▸ What is required:
Return every line from the one with "Delicious red velvet" through the one with "Set your parameters", inclusive, exactly as it appears below.

▸ Source material:
=== Section Start ===

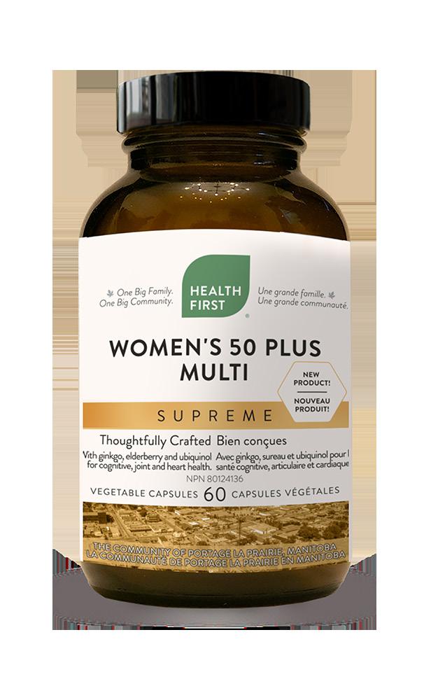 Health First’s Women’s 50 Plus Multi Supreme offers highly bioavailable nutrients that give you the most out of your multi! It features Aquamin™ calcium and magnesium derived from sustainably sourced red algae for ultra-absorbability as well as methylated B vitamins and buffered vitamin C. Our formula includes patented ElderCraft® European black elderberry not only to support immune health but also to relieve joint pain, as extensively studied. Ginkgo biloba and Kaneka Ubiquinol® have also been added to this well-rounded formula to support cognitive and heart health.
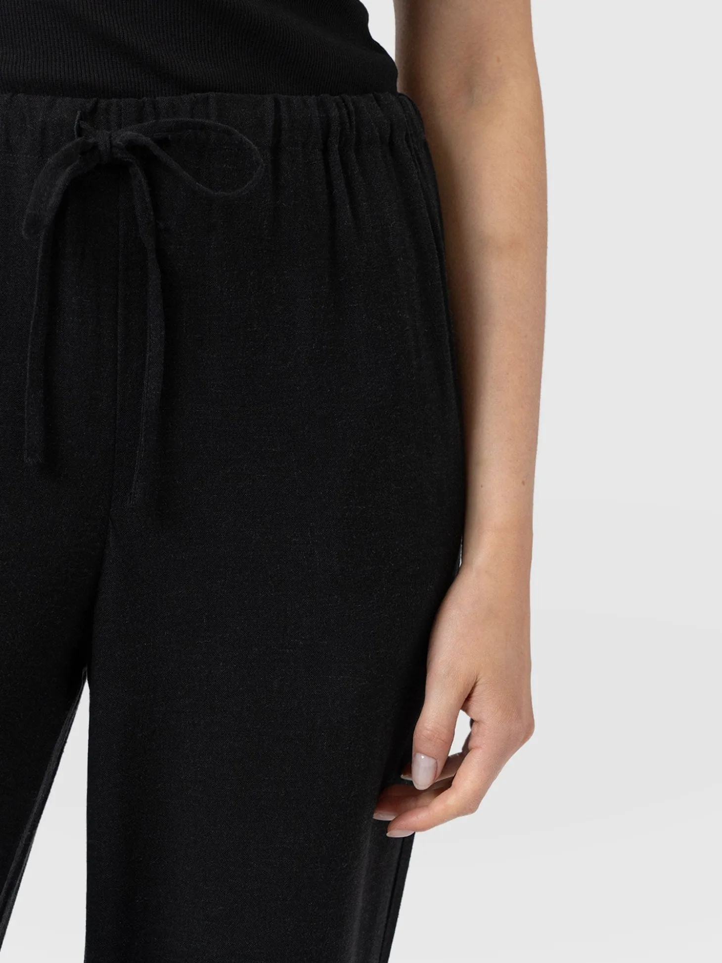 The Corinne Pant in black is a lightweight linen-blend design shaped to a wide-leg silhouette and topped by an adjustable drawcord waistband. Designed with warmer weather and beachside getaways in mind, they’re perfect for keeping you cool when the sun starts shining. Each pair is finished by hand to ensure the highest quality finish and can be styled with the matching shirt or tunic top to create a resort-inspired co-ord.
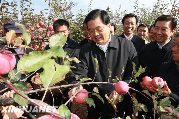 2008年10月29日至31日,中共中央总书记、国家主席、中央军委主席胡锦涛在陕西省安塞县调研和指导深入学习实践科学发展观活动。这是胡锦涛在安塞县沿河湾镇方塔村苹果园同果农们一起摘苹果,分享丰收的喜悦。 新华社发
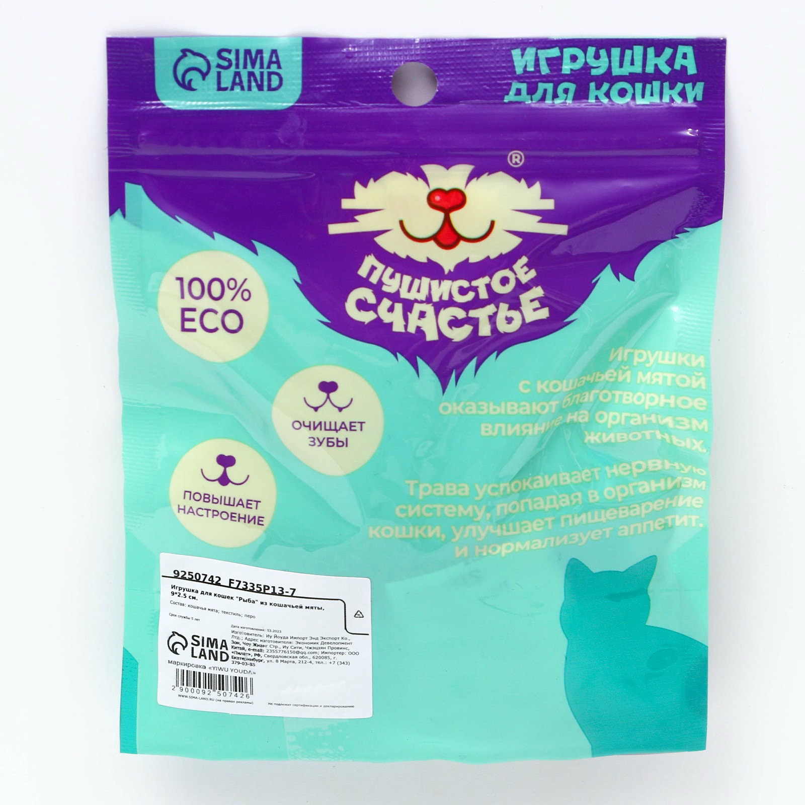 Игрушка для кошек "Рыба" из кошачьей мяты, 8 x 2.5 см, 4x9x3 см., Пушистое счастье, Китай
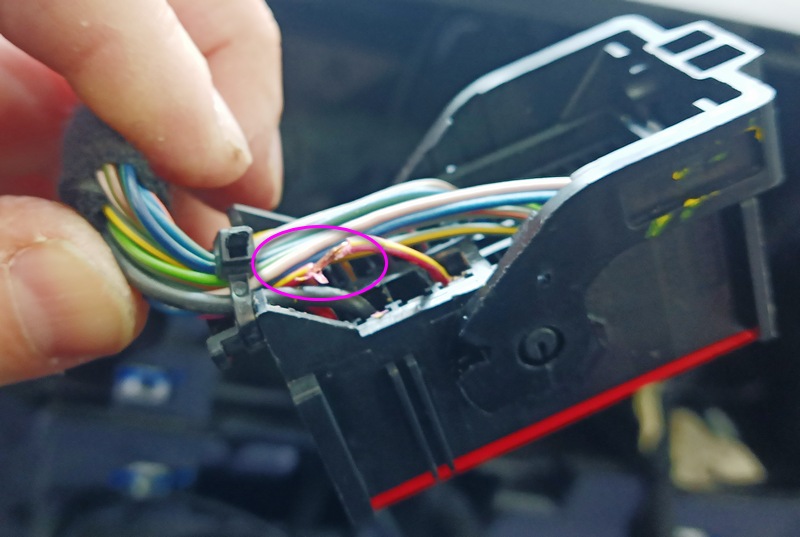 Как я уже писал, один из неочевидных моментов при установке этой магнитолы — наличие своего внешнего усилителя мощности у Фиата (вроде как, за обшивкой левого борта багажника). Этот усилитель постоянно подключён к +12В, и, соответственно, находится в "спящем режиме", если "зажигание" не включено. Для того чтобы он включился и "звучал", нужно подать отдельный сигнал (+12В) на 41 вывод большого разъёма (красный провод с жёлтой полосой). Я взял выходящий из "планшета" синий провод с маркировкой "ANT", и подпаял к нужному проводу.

=== Section End ===
=== Section Start ===

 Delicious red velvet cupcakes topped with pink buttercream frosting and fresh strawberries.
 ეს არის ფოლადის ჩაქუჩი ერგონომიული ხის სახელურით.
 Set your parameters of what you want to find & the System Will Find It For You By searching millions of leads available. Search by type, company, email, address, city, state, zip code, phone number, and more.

=== Section End ===
=== Section Start ===

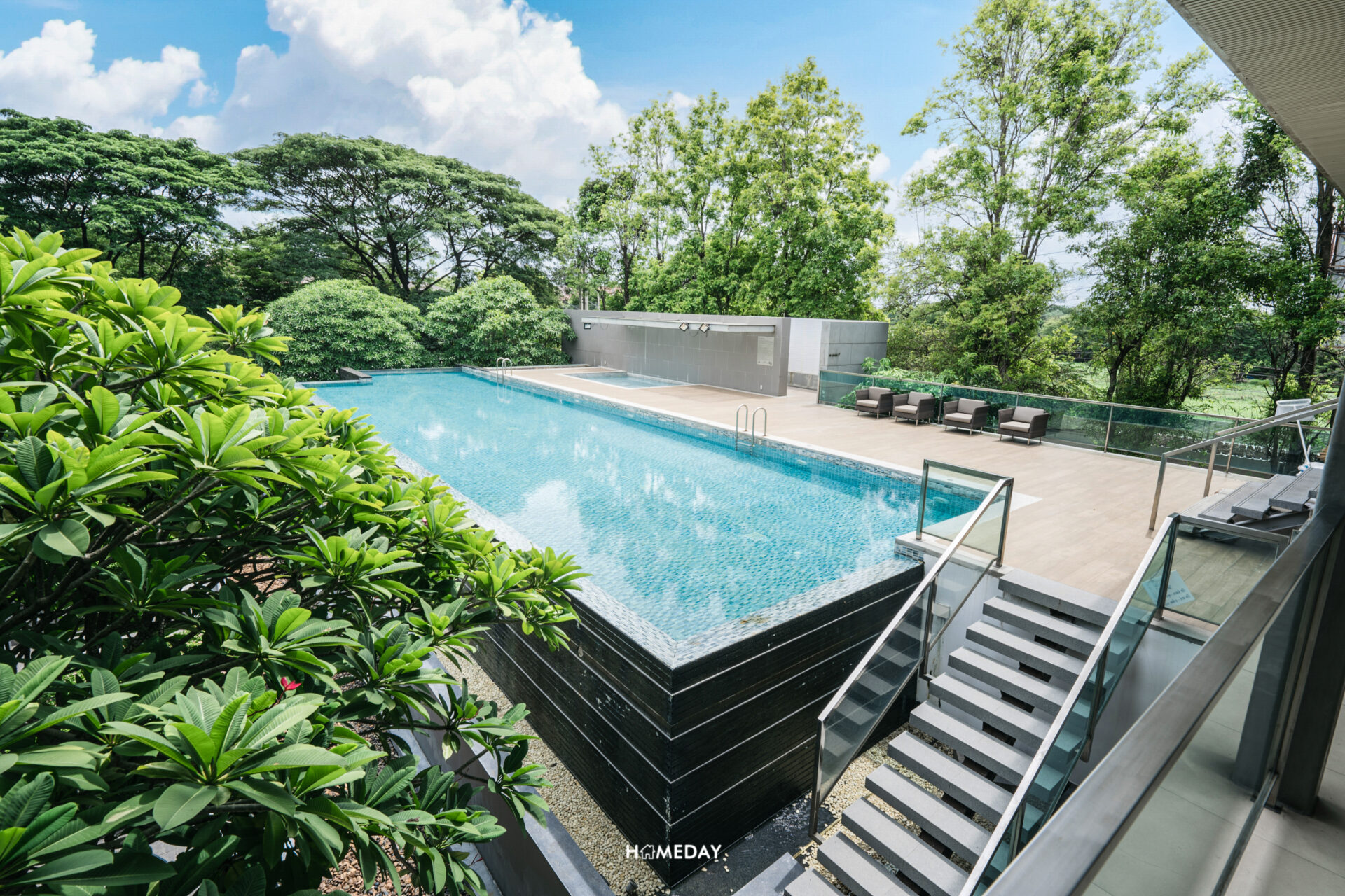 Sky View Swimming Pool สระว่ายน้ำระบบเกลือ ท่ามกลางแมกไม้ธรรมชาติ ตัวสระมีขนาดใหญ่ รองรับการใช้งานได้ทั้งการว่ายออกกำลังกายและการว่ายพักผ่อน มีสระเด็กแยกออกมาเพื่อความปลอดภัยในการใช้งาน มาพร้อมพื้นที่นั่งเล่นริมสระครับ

=== Section End ===

▸ Result for this task:
 Delicious red velvet cupcakes topped with pink buttercream frosting and fresh strawberries.
 ეს არის ფოლადის ჩაქუჩი ერგონომიული ხის სახელურით.
 Set your parameters of what you want to find & the System Will Find It For You By searching millions of leads available. Search by type, company, email, address, city, state, zip code, phone number, and more.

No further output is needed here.